_Data under study_.
▬▬▬▬▬▬

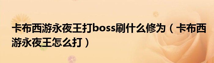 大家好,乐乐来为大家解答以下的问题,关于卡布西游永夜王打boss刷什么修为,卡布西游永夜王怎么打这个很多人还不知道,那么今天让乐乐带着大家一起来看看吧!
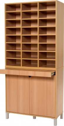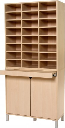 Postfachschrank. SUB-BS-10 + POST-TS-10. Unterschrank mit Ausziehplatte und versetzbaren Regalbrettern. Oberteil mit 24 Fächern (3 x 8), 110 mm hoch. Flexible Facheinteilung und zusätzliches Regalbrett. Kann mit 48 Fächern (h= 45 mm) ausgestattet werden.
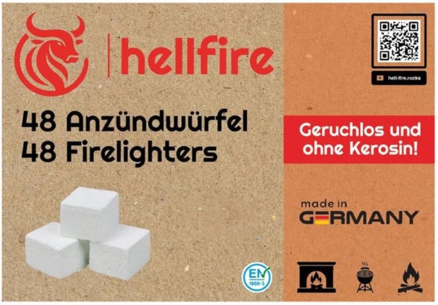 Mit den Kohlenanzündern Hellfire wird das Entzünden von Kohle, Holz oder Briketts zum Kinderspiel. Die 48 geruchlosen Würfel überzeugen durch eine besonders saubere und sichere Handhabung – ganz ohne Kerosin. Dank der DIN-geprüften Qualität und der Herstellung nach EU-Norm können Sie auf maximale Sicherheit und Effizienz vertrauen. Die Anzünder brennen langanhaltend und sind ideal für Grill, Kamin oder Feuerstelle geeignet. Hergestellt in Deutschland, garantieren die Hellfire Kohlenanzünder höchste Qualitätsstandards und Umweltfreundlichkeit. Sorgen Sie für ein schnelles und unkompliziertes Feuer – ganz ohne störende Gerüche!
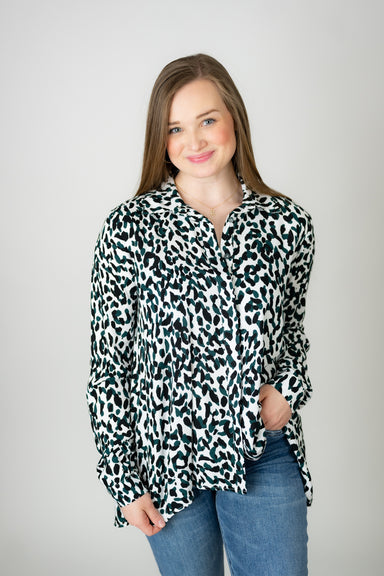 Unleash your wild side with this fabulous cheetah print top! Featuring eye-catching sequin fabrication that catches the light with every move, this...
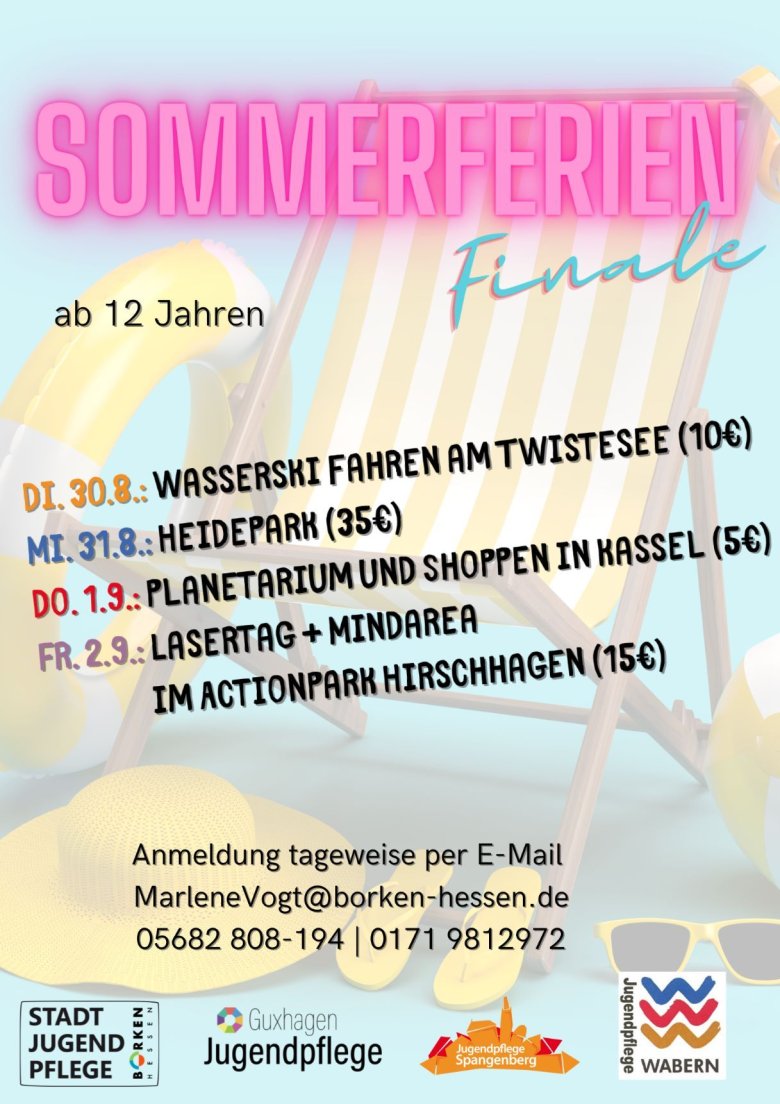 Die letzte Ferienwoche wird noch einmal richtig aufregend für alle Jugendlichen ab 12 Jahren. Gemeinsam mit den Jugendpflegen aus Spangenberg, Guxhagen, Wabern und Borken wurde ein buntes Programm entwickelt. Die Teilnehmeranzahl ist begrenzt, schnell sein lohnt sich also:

▬▬▬▬▬▬

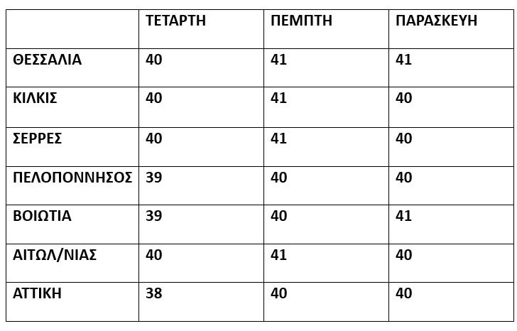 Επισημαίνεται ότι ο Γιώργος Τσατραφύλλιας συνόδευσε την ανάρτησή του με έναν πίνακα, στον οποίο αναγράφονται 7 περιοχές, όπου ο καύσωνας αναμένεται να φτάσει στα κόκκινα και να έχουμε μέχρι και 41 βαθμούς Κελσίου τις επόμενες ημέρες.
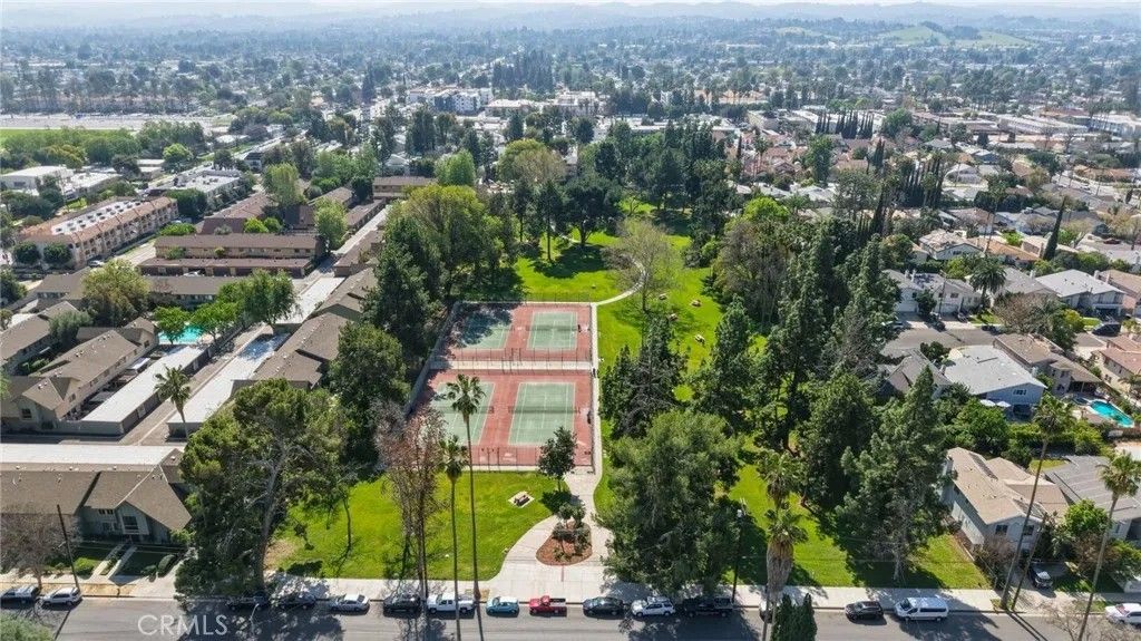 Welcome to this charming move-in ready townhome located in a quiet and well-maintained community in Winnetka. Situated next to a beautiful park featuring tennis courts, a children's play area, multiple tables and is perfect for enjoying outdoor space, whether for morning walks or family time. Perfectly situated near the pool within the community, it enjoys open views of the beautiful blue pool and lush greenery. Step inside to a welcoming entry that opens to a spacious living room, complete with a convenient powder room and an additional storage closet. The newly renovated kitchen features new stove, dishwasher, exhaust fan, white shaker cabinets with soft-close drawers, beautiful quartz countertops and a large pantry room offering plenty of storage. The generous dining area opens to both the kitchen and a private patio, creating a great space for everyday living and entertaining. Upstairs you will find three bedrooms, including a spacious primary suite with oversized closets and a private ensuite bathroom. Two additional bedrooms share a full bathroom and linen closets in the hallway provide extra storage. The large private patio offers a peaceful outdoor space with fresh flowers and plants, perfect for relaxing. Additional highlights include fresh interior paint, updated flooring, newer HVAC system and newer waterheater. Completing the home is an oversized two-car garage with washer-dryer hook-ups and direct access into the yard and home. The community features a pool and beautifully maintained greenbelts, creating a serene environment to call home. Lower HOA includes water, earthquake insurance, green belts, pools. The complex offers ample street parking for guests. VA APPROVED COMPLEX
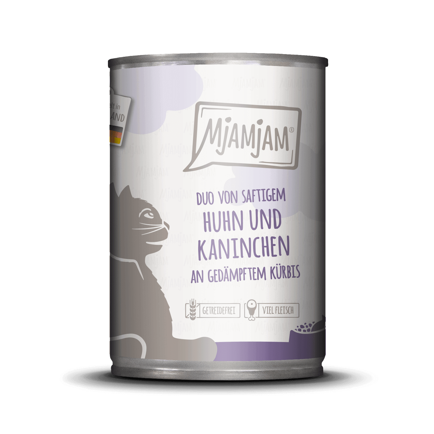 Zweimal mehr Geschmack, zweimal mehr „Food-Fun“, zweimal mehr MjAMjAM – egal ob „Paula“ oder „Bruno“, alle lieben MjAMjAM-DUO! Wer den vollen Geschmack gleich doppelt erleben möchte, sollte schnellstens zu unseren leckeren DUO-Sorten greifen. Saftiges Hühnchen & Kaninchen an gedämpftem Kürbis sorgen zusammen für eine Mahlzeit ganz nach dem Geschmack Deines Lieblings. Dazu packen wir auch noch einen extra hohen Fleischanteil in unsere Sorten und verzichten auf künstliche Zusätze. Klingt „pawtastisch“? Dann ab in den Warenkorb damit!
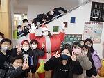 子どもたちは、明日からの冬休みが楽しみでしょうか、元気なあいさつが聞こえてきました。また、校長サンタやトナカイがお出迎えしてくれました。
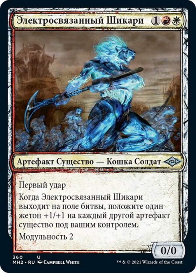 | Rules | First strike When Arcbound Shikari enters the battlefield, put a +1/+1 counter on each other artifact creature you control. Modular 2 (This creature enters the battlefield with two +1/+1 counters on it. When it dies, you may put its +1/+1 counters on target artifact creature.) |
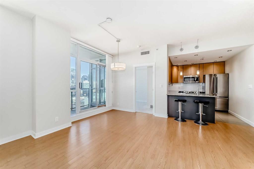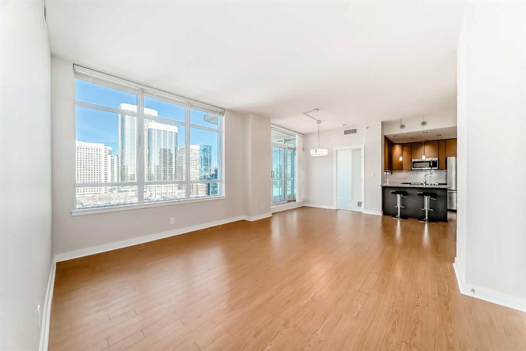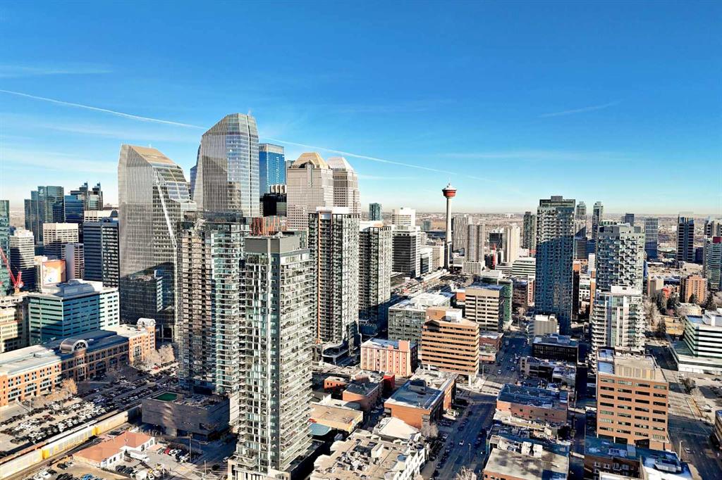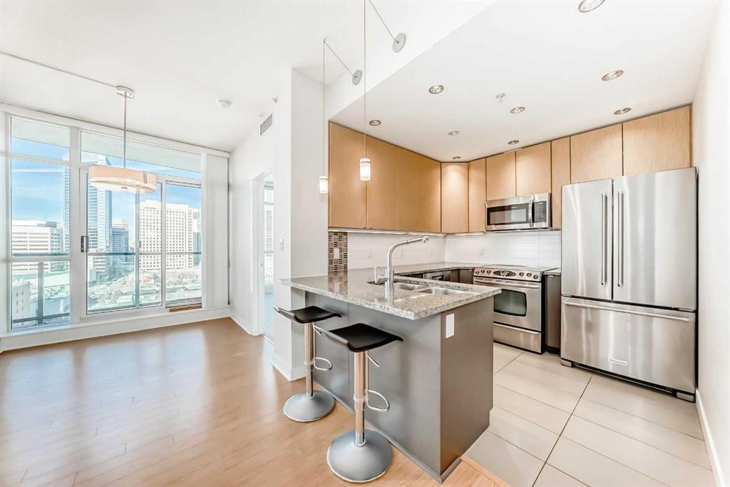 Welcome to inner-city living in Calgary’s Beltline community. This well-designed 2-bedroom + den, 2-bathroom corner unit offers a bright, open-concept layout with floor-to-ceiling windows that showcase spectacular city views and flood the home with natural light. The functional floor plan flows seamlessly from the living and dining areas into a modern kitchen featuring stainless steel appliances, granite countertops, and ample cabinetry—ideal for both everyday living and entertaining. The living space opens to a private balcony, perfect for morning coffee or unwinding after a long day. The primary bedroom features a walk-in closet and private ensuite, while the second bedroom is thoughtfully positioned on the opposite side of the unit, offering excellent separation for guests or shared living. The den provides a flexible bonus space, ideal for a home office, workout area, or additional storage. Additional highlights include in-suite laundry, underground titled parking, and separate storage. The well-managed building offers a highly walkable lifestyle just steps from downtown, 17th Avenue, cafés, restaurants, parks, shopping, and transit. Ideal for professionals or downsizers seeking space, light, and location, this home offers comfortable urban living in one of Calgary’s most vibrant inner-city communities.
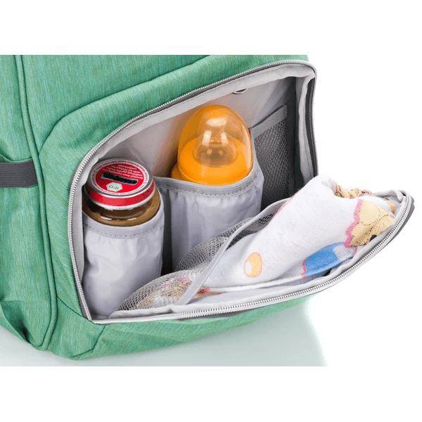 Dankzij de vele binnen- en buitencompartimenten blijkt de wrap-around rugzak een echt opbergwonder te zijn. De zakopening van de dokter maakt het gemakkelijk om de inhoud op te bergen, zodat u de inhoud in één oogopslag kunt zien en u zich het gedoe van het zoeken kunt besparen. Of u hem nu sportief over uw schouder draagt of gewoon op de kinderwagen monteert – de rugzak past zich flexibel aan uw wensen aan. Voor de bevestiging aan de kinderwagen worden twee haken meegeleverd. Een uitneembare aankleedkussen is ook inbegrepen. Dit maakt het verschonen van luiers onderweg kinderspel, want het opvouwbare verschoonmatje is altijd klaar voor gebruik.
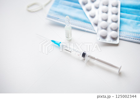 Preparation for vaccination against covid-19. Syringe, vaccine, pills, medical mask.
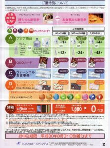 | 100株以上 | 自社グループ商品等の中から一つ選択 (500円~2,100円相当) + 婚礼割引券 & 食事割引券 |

▬▬▬▬▬▬

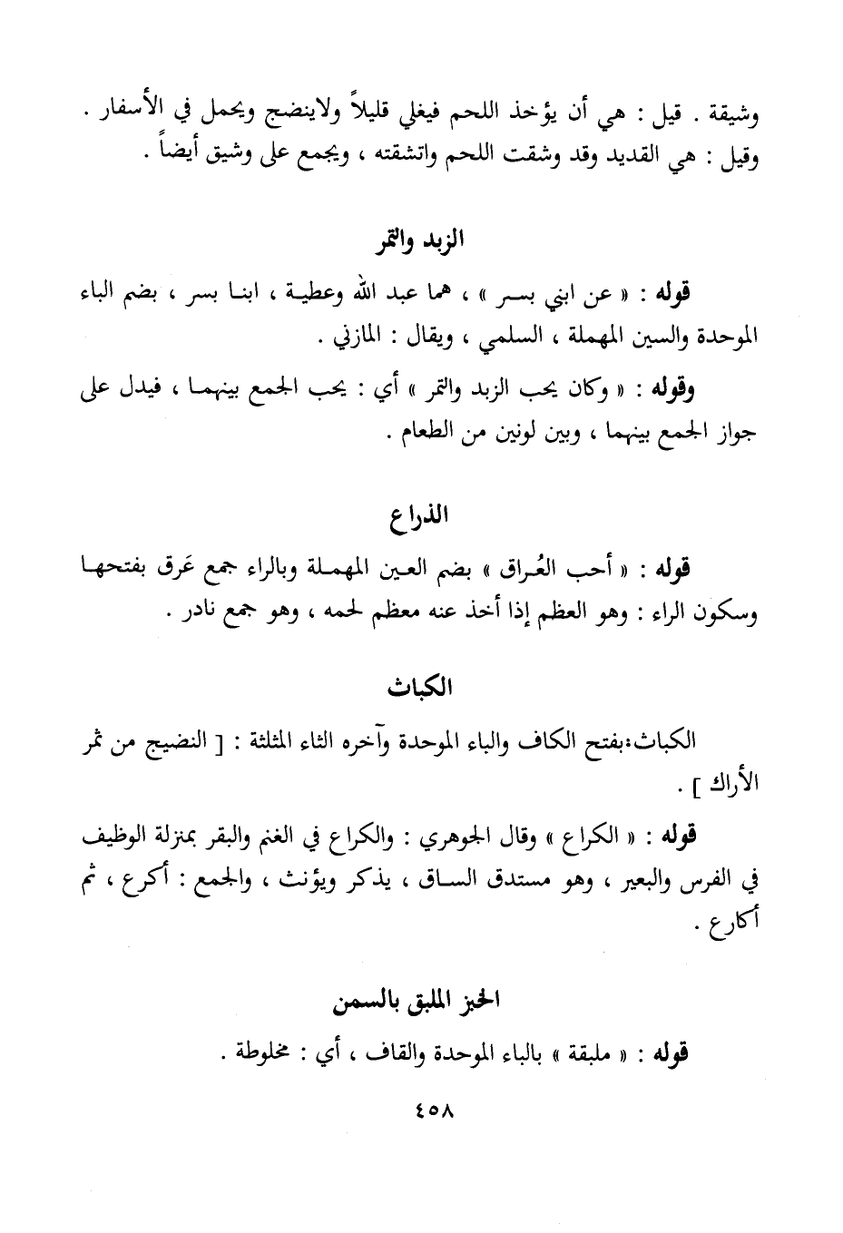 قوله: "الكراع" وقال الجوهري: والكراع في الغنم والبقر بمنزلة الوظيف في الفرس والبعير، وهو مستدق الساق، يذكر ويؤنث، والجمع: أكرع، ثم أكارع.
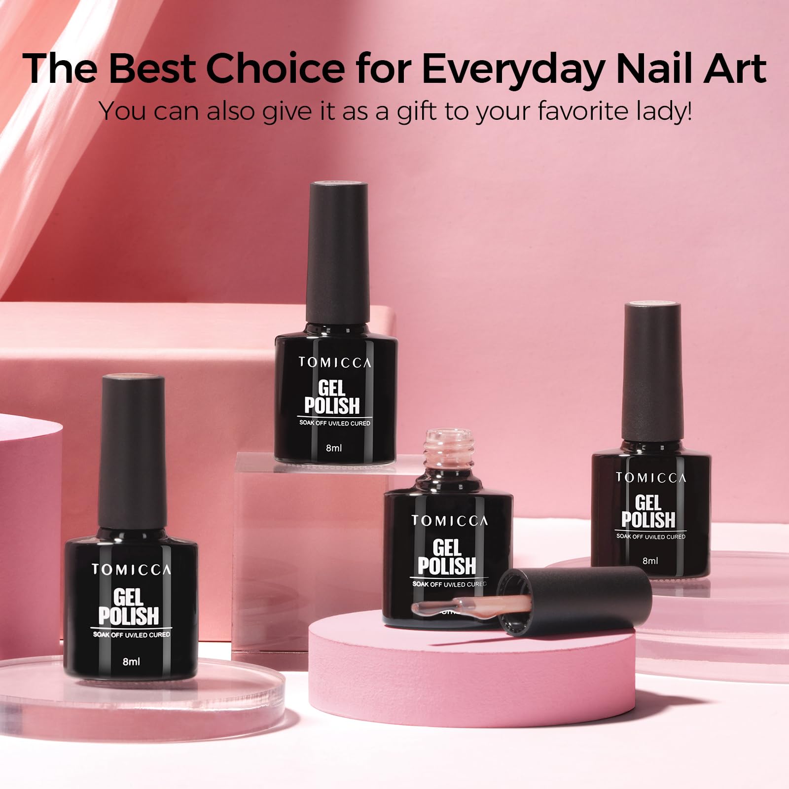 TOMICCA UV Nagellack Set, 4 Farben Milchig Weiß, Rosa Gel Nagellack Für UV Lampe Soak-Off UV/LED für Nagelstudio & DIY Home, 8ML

▬▬▬▬▬▬

What you return must match, character for character, the lines above from the one with "Preparation for vaccination" through the one with "婚礼割引券 & 食事割引券 |", minus any pictures.

 Preparation for vaccination against covid-19. Syringe, vaccine, pills, medical mask.
 | 100株以上 | 自社グループ商品等の中から一つ選択 (500円~2,100円相当) + 婚礼割引券 & 食事割引券 |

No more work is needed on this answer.